§ **DIRECTIONS FOR THIS TASK**: This task asks for the lines from the one with "Кольцо из серебра" to the final line below, repeated exactly, with pictures omitted.

** EXCERPTED RECORDS follows **

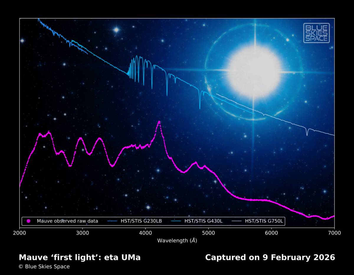 A privát űrteleszkóp apró mérete miatt gyorsabban elkészült, mint a hatalmas, komplex felépítésű társai (például a Hubble vagy a James Webb Űrteleszkóp) és egyszerűbben, olcsóbban lehetett az űrbe küldeni, ezért jó lehetőséget kínál rá, hogy költséghatékony módon növelje a kutatók számára rendelkezésre álló megfigyelési időt. A Mauve a tudományos munkákat hamarosan megkezdi, de az “első fényt” már begyűjtötte: ennek során a Nagy Medve csillagkép egyik legfényesebb csillagát, az Alkaidot (Eta Ursae Majoris) figyelte meg. A Földtől körülbelül 104 fényévre található csillag sokkal forróbb a Napnál, és ultraibolya tartományban intenzíven ragyog, ezért éppen ideális célpontot jelentett a műszerek kalibrációjához a Blue Skies Space leírása szerint.
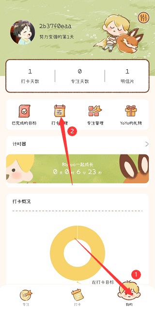 1、首先打开yoyo日常,您会默认进入到打卡界面。
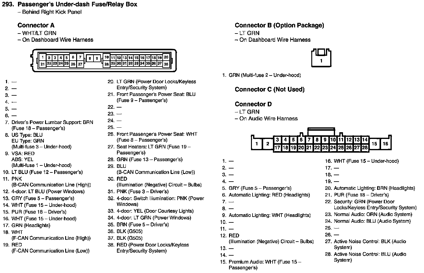 Passenger's Under-dash Fuse/Relay Box Connector View
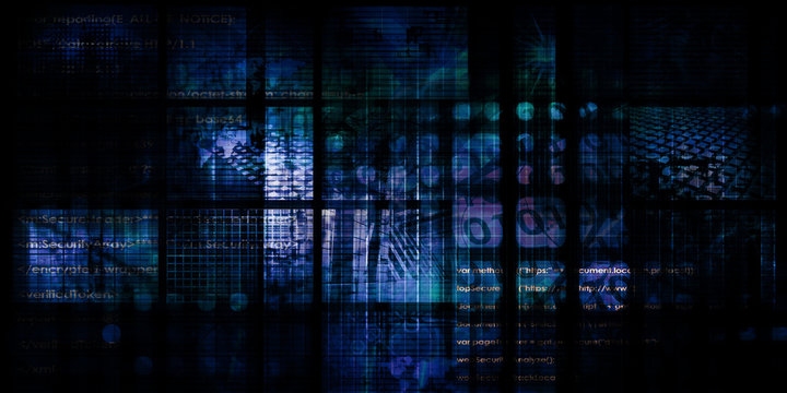 High quality image of futuristic digital data stream emanating from a circular platform with intricate geometric patterns and glowing blue light in a dark environment
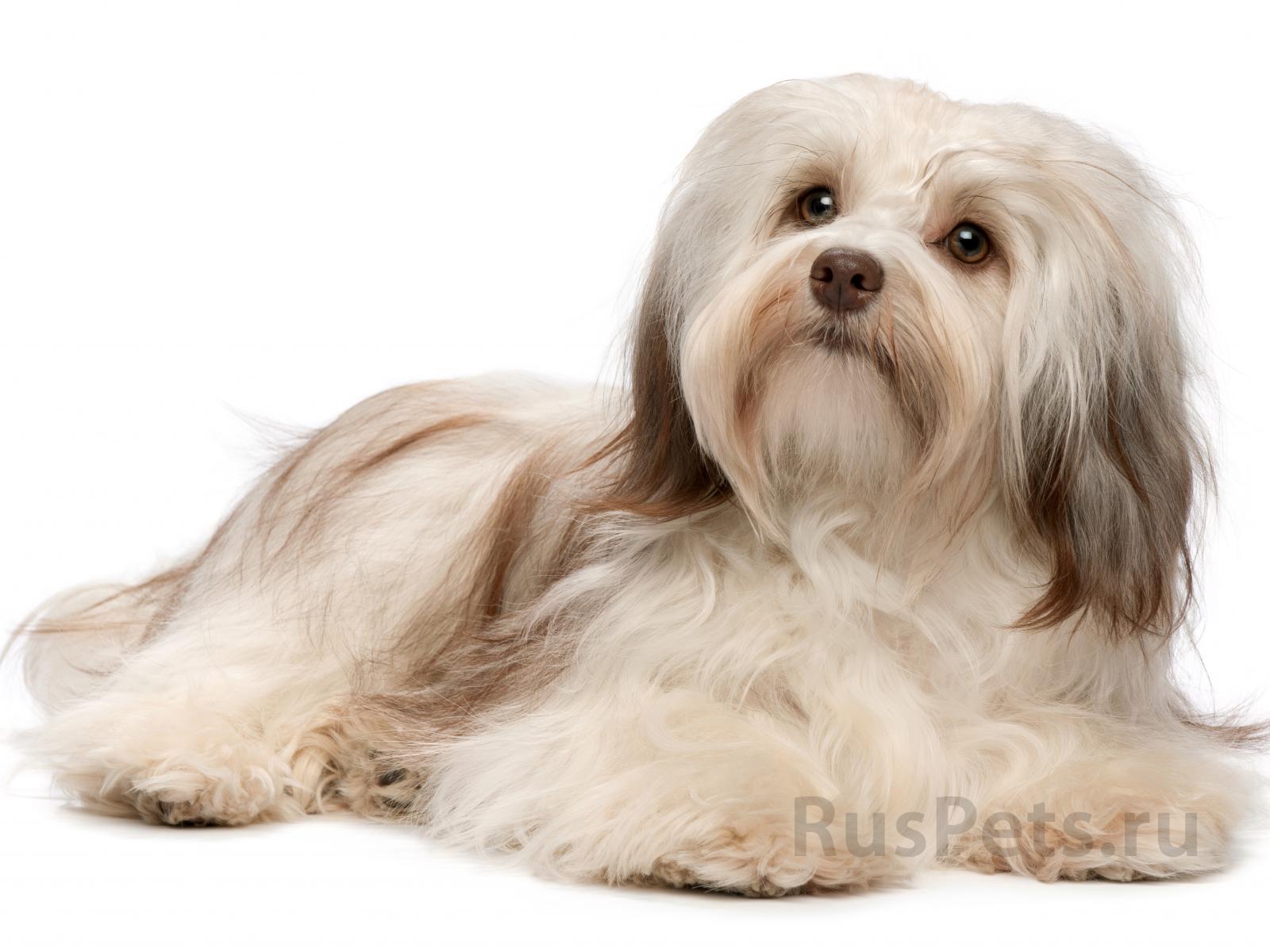 Обои Собака породы бишон-фриз лежит на лужайке с мячом
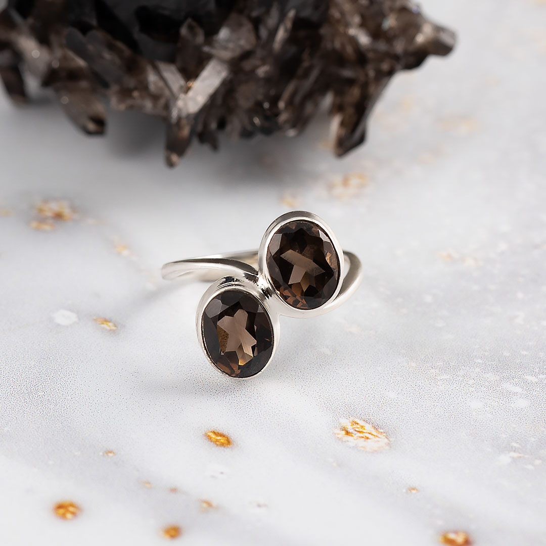 Кольцо из серебра с раухтопазом (дымчатый кварц)
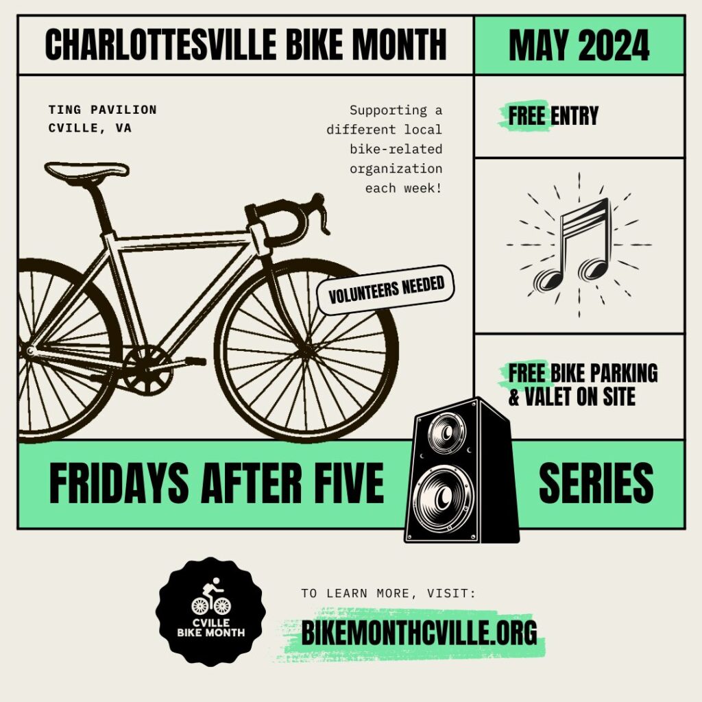 Ting Pavilion on the Downtown MallEach Friday during Bike Month, there will be a free bike valet service and a hangout tent for cyclists at the Ting Pavilion for Fridays After Five. This is Charlottesville’s weekly, free concert and community celebration on the Downtown Mall. Volunteers from a variety of bike-friendly nonprofits will pour drinks; their groups will receive a share of the proceeds.
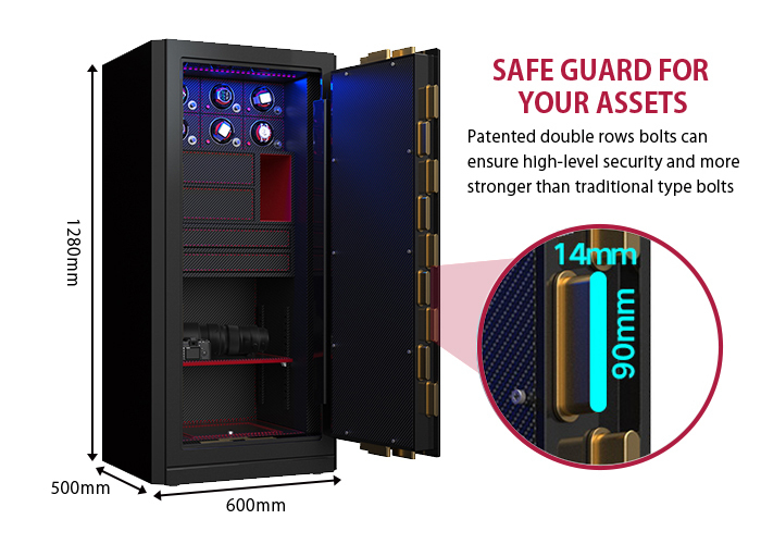 Double Rows Bolts: This is a critical security feature. Instead of a single bolt on each side, double rows of thick, motorized locking bolts shoot out from the door into the frame. This creates an immensely strong seal that is extremely difficult to pry open, significantly enhancing the safe's defensive capabilities.
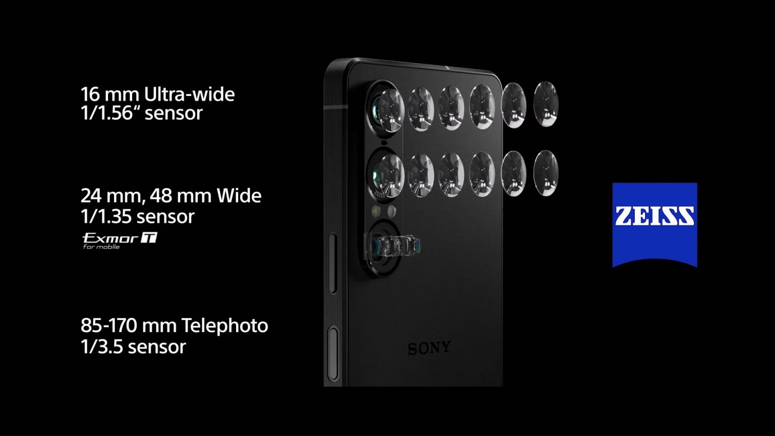 - 1200 万像素 f/2.3-f/3.5 潜望长焦镜头,85mm-170mm 变焦范围,1/3.5” Exmor RS 感光元件
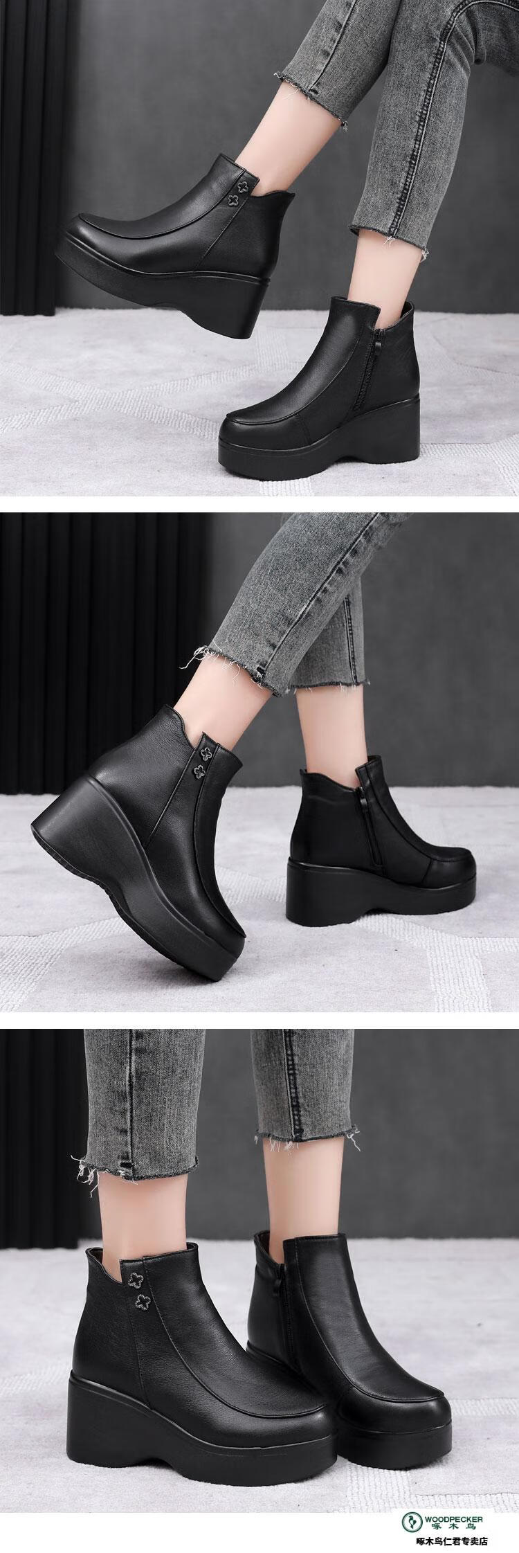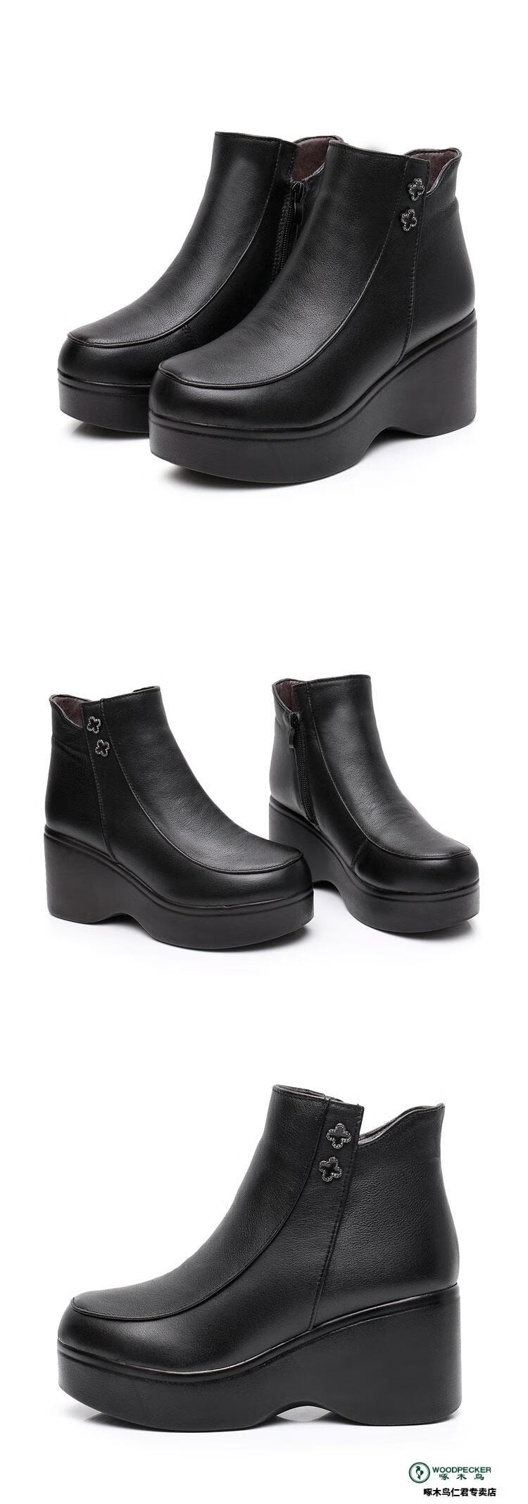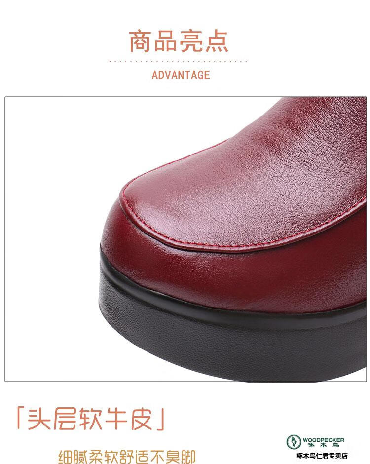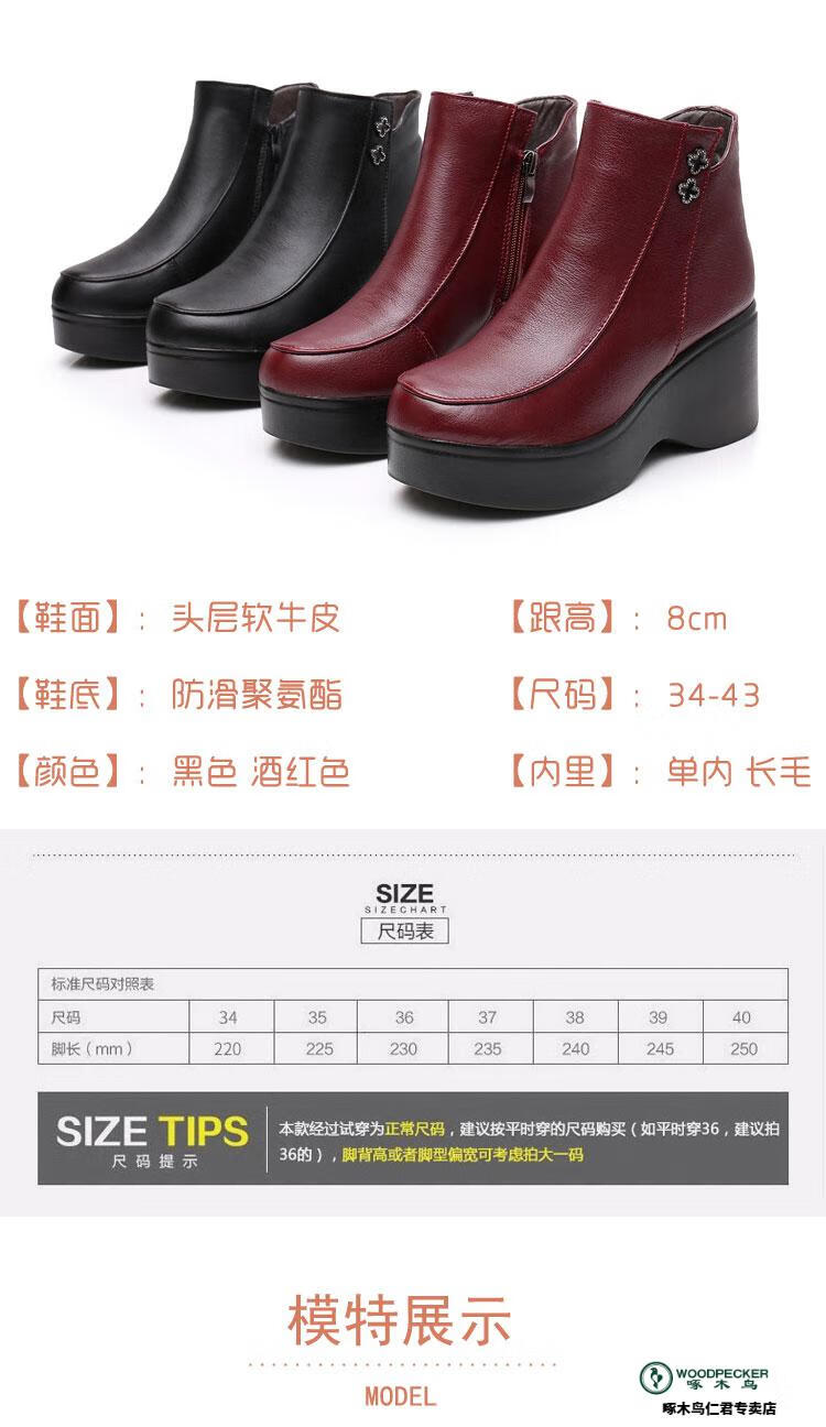 Woodpecker 2026 Autumn and Winter Women's Boots Red Ethnic Style Short Boots Mother's Cotton Boots Thick-soled Platform Heel Wedge Genuine Leather Women's Cotton Shoes Burgundy Cotton Boots 37

** End of EXCERPTED RECORDS **

§ **WRITTEN RESPONSE**:
 Кольцо из серебра с раухтопазом (дымчатый кварц)
 Ting Pavilion on the Downtown MallEach Friday during Bike Month, there will be a free bike valet service and a hangout tent for cyclists at the Ting Pavilion for Fridays After Five. This is Charlottesville’s weekly, free concert and community celebration on the Downtown Mall. Volunteers from a variety of bike-friendly nonprofits will pour drinks; their groups will receive a share of the proceeds.
 Double Rows Bolts: This is a critical security feature. Instead of a single bolt on each side, double rows of thick, motorized locking bolts shoot out from the door into the frame. This creates an immensely strong seal that is extremely difficult to pry open, significantly enhancing the safe's defensive capabilities.
 - 1200 万像素 f/2.3-f/3.5 潜望长焦镜头,85mm-170mm 变焦范围,1/3.5” Exmor RS 感光元件
 Woodpecker 2026 Autumn and Winter Women's Boots Red Ethnic Style Short Boots Mother's Cotton Boots Thick-soled Platform Heel Wedge Genuine Leather Women's Cotton Shoes Burgundy Cotton Boots 37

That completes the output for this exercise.